Dear Antreas,

I have got a very nice first result:

- Q is fixed and is incenter I

- Line is OH

The locus (or at least all points on this line) is line connected mittenpunkt and Gergonne point.

So mittenpunkt is NO VERY SPECIAL CASE.

Best regards,

Bui Quang Tuan

Quang Tuan Bui <

bqtuan1962@...> wrote:

Dear Antreas,

Very nice idea! I try only some special case and we should do together to get some general results.

I am trying with first case: Q is fixed, and line is OH. I see the locus may be nice: one line?

The mittenpunkt may be is one very special case: Q = incenter I and the locus is only one point: mittenpunkt or some points?

These conjectures may be the good reasons for our efforts.

Best regards,

Bui Quang Tuan

PS: Please note that these only conjectures. I can confirm only with my first mittenpunkt message.
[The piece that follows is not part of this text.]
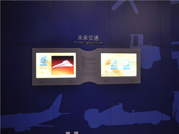 通过左侧的屏幕,观众可看到已有的设计图案。右侧屏幕上则包括“绘画未来”和“创意无限”两种互动体验方式。“绘画未来”为观众准备了五幅关于未来交通工具的精美设计作品,观众可选其中一幅作品,跟随屏幕引导模仿绘画一种未来的交通工具; 在“创意无限”中,观众可以创作并保存属于自己的未来交通工具。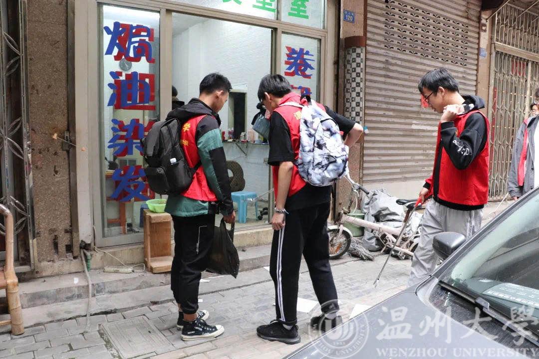 郑发光同志授课完毕后,团学成员们身穿“17吃瓜网 ”红色志愿服,分小组为玉海街道镇海门社区清理路面垃圾,将散落在街边、绿化带里的塑料袋、烟头、废纸等废弃物一一拾起,营造整洁舒适的社区环境。同学们在践行生态文明理念的同时,进一步发扬“干在实处”的浙江精神!

Antreas P. Hatzipolakis wrote:

On 1-07-06, Quang Tuan Bui wrote (partly):

> Given triangle ABC, mittenpunkt Mp, incenter I. One line passing

> through Mp perpendicular to IA cuts lines AB, AC at Ab, Ac respectively.

> Similarly define Bc, Ba, Ca, Cb.

> 4. The most interesting:

> Three Euler lines of triangles MpBcCb, MpCaAc, MpAbBa are concurrent

> at one point P.

Dear Tuan

We have here two interesting locus families

Let ABC be a triangle, and Q,P two points.

The perpendicular to QA through P intersects AB,AC at Ab,Ac, resp.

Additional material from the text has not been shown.